Mixed freshwater cultures (collected specimens)
An incredible variety of living things can be observed in samples taken from ponds, streams, stagnant pools, and cultures maintained in the laboratory. Collected samples and laboratory cultures can support a number of investigations that are centered on microscopy as the primary research tool.
Laboratory cultures as well as collected samples should be available for observation. First, place specimens in the wells of a micro spot plate and observe in the dissecting microscope (start at low magnification). Adjust the light to get a dark field effect, so you don't miss anything. The plate should be elevated on an illuminator stand or equivalent and the lamp aimed at the specimen either horizontally through the plate or at a 45 degree angle above the plate onto the specimen. Observe the variety of living things and how they move, attach, feed, etc.
Select a specimen for viewing at higher magnification. Remember that many organisms attach to surfaces or congregate around particles, so include some living plant material or detritus in your specimen. Make a wet mount and begin observing.

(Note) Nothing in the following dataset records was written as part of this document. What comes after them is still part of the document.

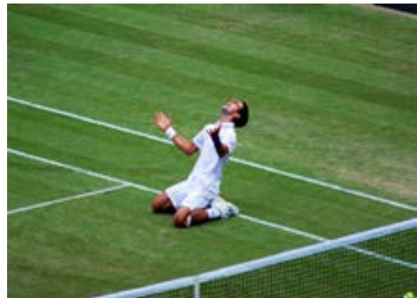
Djokovic celebrates by following his victory in the semi-finals of the 2011 Wimbledon Championships

Basketball is tremendously popular. In 2018, Serbia
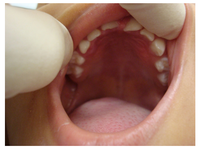
Figure 4. Ovoid palate in preterm infants submitted to invasive mechanical ventilation by orotracheal intubation

However, we were not permitted to use this classification by the Research Ethics Committee of the HU-USP, since this approach was considered too invasive, that is, making molds of the palates could further contribute to the children's emotional trauma, given that they have already undergone numerous manipulations due to being born prematurely.
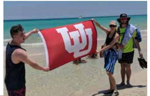
Cuba - Summer 2019
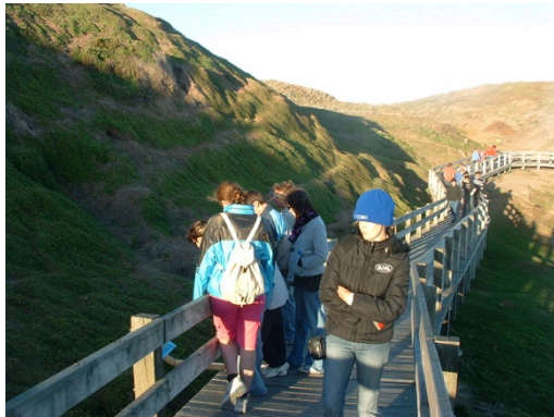
Penguin rookery at Philip Island
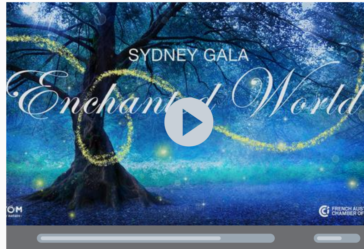
Alstom Gala - Enchanted World
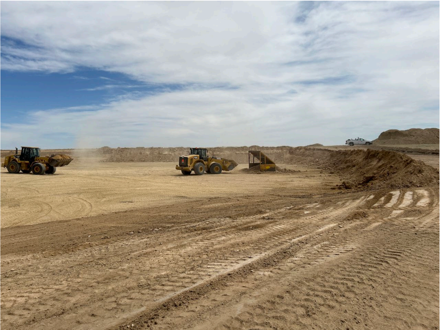
Figure 5: Screening in progress, with recently graded slope in foreground (241)
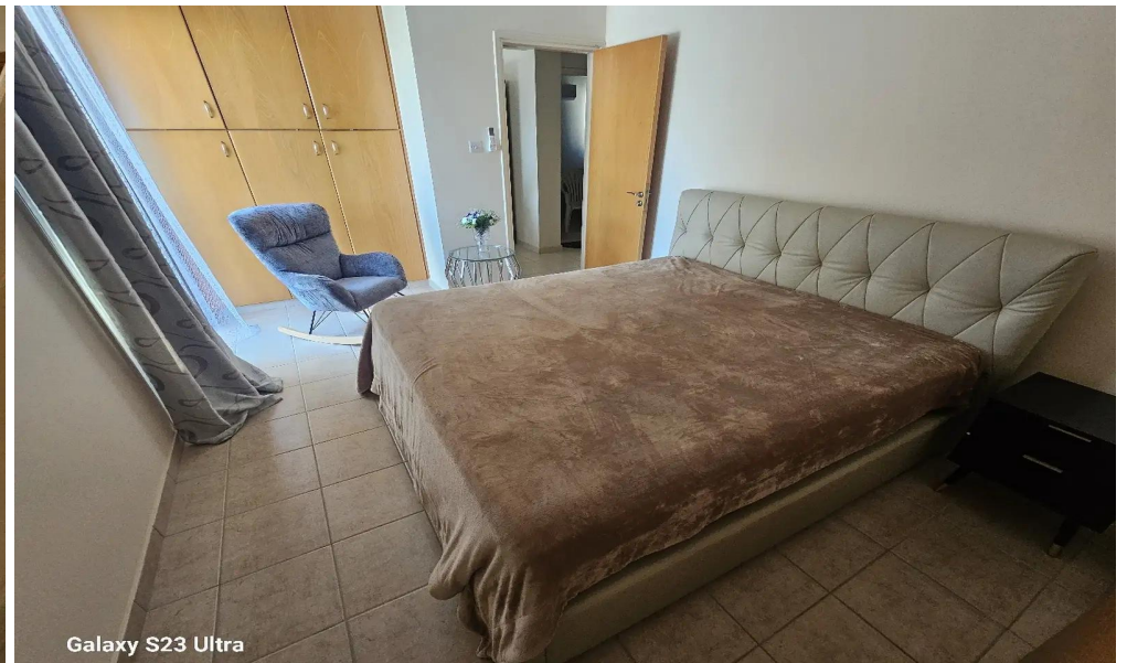
Galaxy S23 Ultra
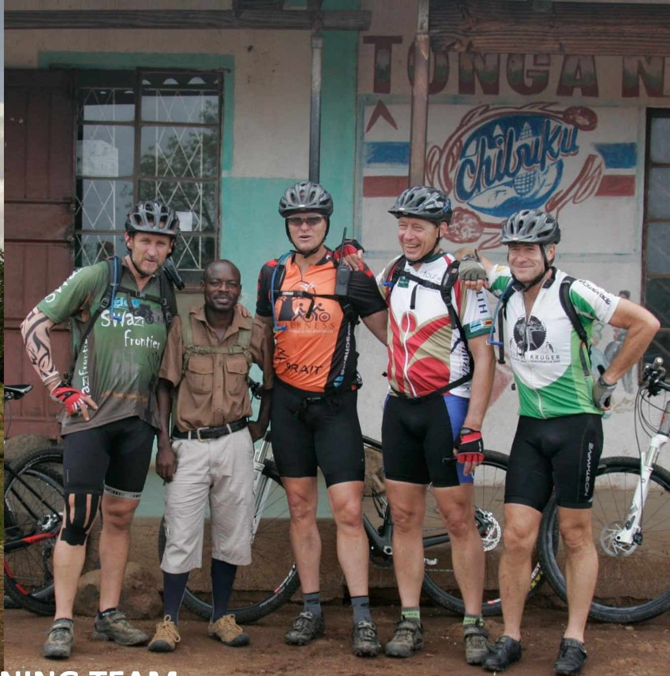
ROUTE PLANNING TEAM
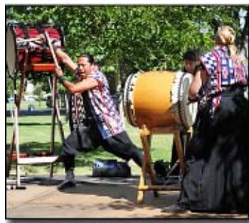
Shodan Taiko drummers perform at Celebrate Sonoma

Activities at Celebrate Sonoma included a variety of games as well as a temporary tattoo booth, the ever-popular photo booth and visits by the Eldridge Farm animals.
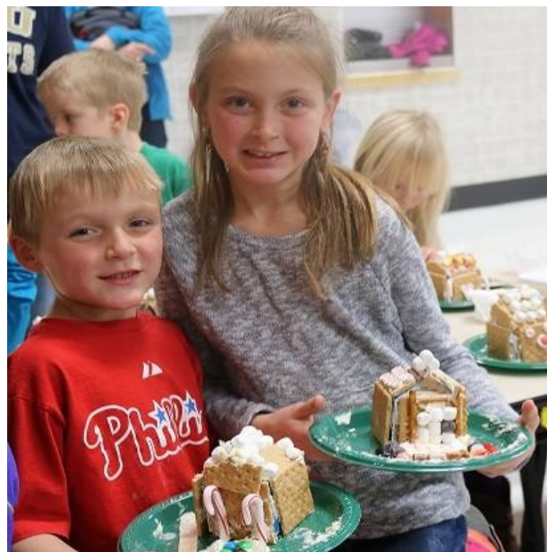
Building gingerbread houses after learning about food safety and hand washing techniques brings a smile to these young faces!

During the course of the afterschool program, 55 students were reached. Of those 55, 24 were already 4-H members. Seven have enrolled in 4-H as a new member as of October 2016. There are 15 more that aren't old enough to be a full 4-H member yet, but are waiting patiently to join!
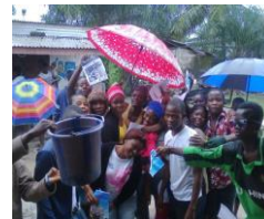
Participants handover sanitary Materials to families in Chicken Soup Factory

In January to early February 2019, we conducted awareness on children internet usage with a one day workshop on the danger of the cyber space; Safer Internet Day (SID). The campaign's slogan was, " Together for a better internet ". It was called action for all stakeholders to join together and play their part in creating a better internet for everyone, and especially for younger users. BIRD-Liberia in partnership with the Child Online Africa invited two elementary schools to participate; Bethany A. G. Mission School and the LeoArthur Early Learning Foundation . We had hundreds of student participating in the workshop. They learned how to use the internet and the danger it pose to their early life. They learned that cyber space keeps every information place on it.
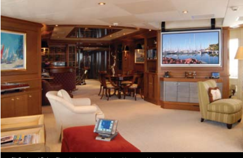
Sit Back and Relax The wireless touch panel provides control from anywhere in the room

The Blue Moon is an impressive piece of art and engineering – good enough to win a Monaco Showboat International "Best Yacht" award last year, and good enough to handle a Duchossois granddaughter's recent wedding reception. For this family-centered businessman, that was perhaps the more impressive achievement.
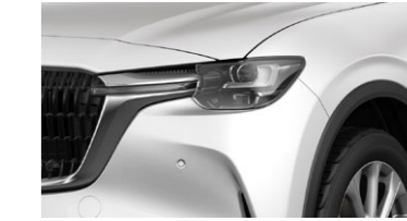
RHODIUM WHITE METALLIC
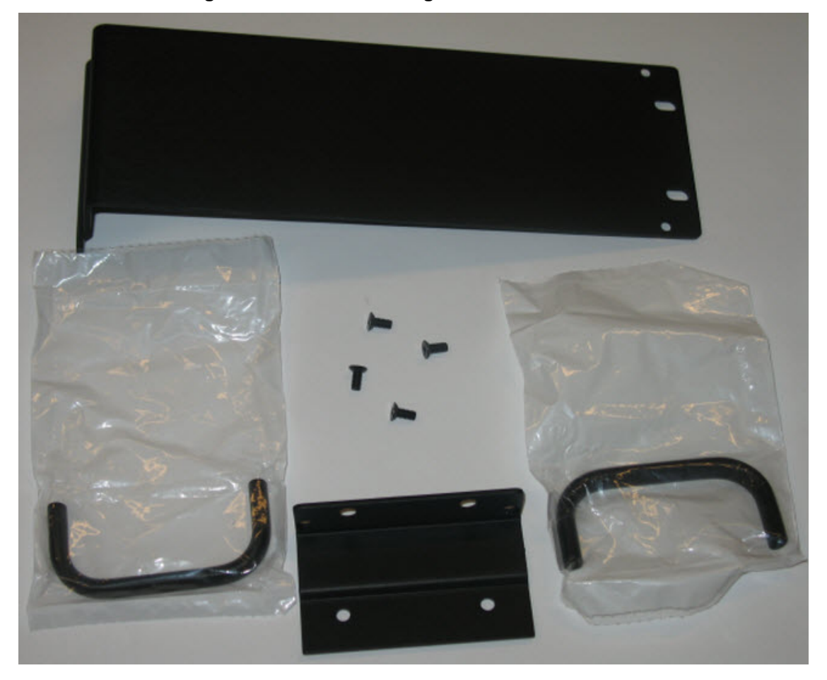
Figure 3: Model 2290-5 single rack mount kit hardware

The next figure shows the hardware that you will receive with your rack mount kit. You can use this figure, the <u>Parts list</u> (on page 1), and the previous figures to ensure that you have all of the necessary hardware to mount your instruments.
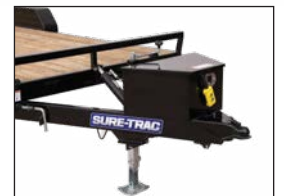
Pump Box (Hydraulics)
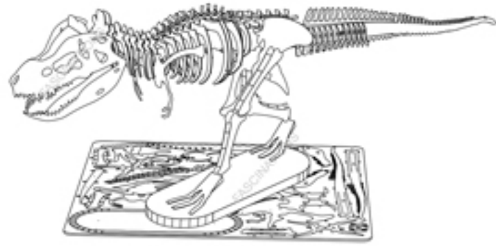
T.REX Skeleton Item No. MMS099
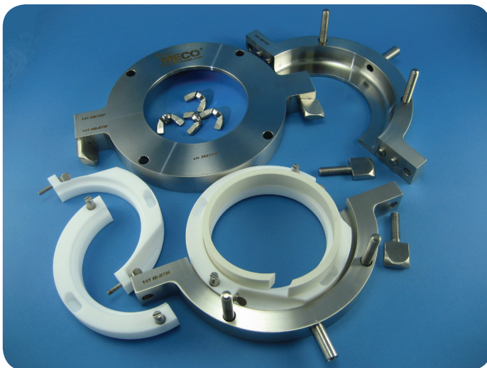
Disassembled cottage cheese mixer seal

The MECO Dairy Seal is fully-split for easy removal and bench sanitizing. The split halves of the seal parts are entirely assembled with hand-operated fasteners, eliminating the need for any tools. Each half of the split housings is serial numbered for easy identification on reassembly.
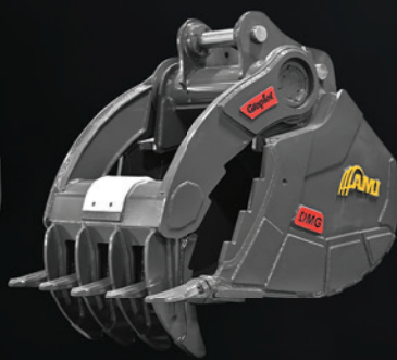
GRAPTOR® DEMOLITION BUCKET *Shown with optional replaceable teeth on thumb tines
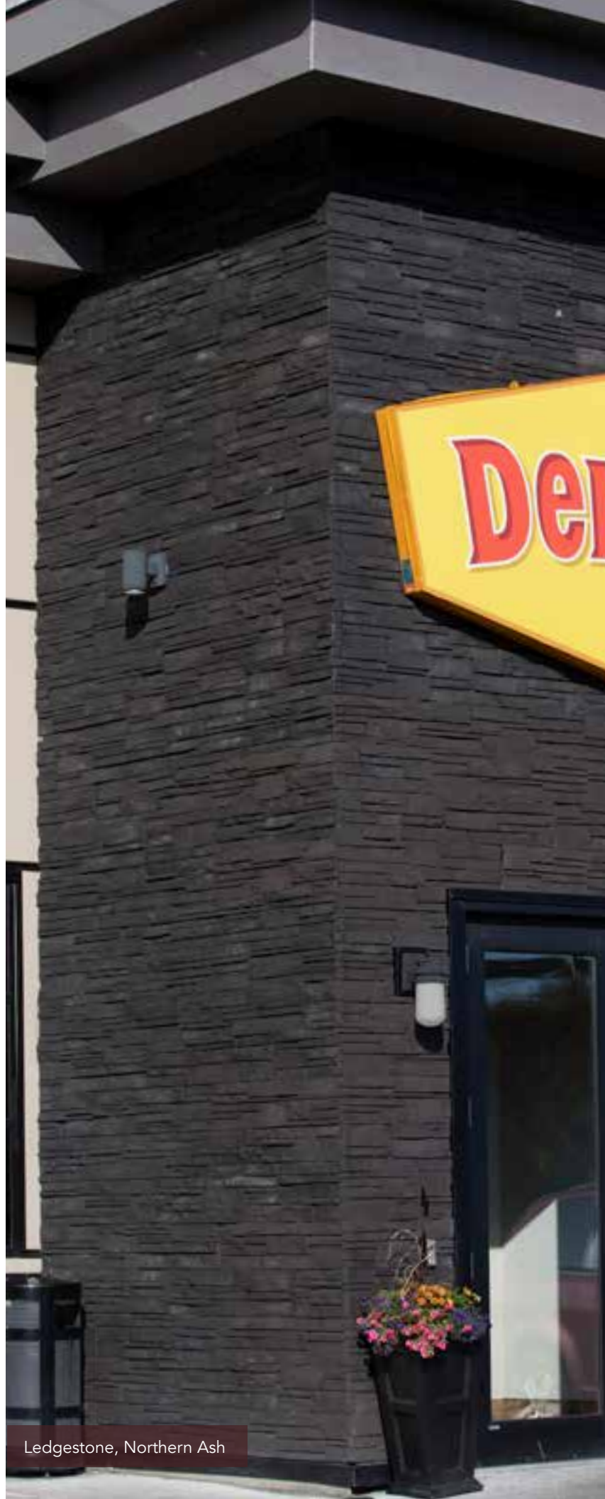
Ledgestone, Northern Ash

See install tips and videos at VersettaStone.com/installation
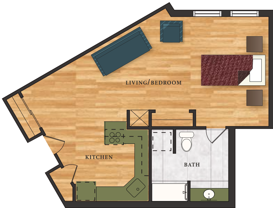
STUDIO FLOOR PLAN 698 SQUARE FEET
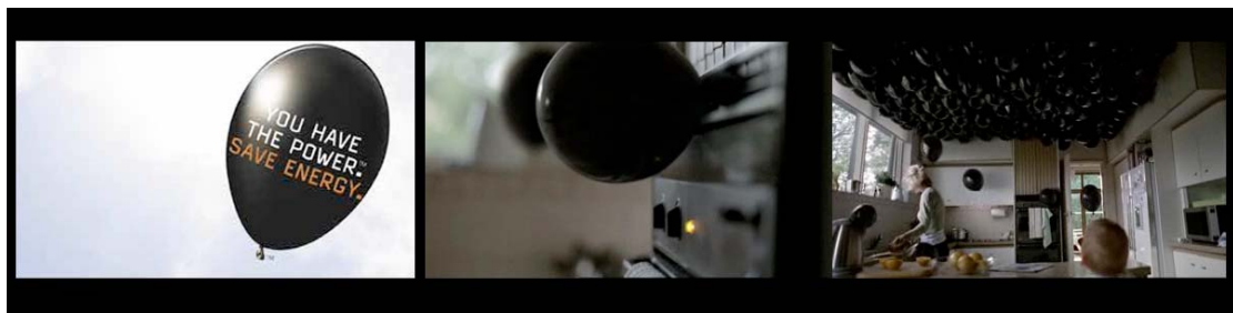
Figure 2 What is a black balloon?

What is a Black Balloon? is a series of motion graphic advertisement as a part of statewide campaign in Victoria, Australia (Figure 2). It is a simple way to measure and visually represent greenhouse gas emissions from domestic environment such as kitchen, laundry room, dining room, as well as an entire house. The video attempts to deliver an obvious but possibly unrecognized fact: using less energy will mean less greenhouse gas emissions, and will help to reduce the impact of climate change. In the video clip appear black balloons, each of which represents a unit of measurement, 50g of greenhouse gas. A balloon pops out from a single appliance at first, followed by many others that finally fill the upper space of a house. However people except a baby in the advertisement do not recognize the existence of the balloons, the metaphor of potential threat to environment. Viewers are not expected to count the specific number of balloons and calculate the total emission of greenhouse gas. Rather they may have visceral responses such as panicking or emotionally paralyzing through the abstract and aesthetized statistics.

As your skills improve, you can find more and more living things in a seemingly sterile environment. We will try to provide cultures with a diverse assortment of organisms, however their availability depends on the weather and degree of pollution of freshwater sources. The greatest diversity is in relatively stable, established, unpolluted ponds and slow streams. Drainage ditches such as Houston's bayous clear out after heavy rains, so that many times the samples are disappointing. They are also rather polluted, so that organisms that tolerate murky waters and lack of oxygen thrive, while more sensitive organisms are nowhere to be found.
You may wish to bring in your own samples. Any material from an untreated duck pond or backyard lily pond (preferably in full sun), a bog or marsh, a very green, stinky tank (pond), or a stagnant pool from a sunny location, associated with a stream, can be host to a diverse population of "critters."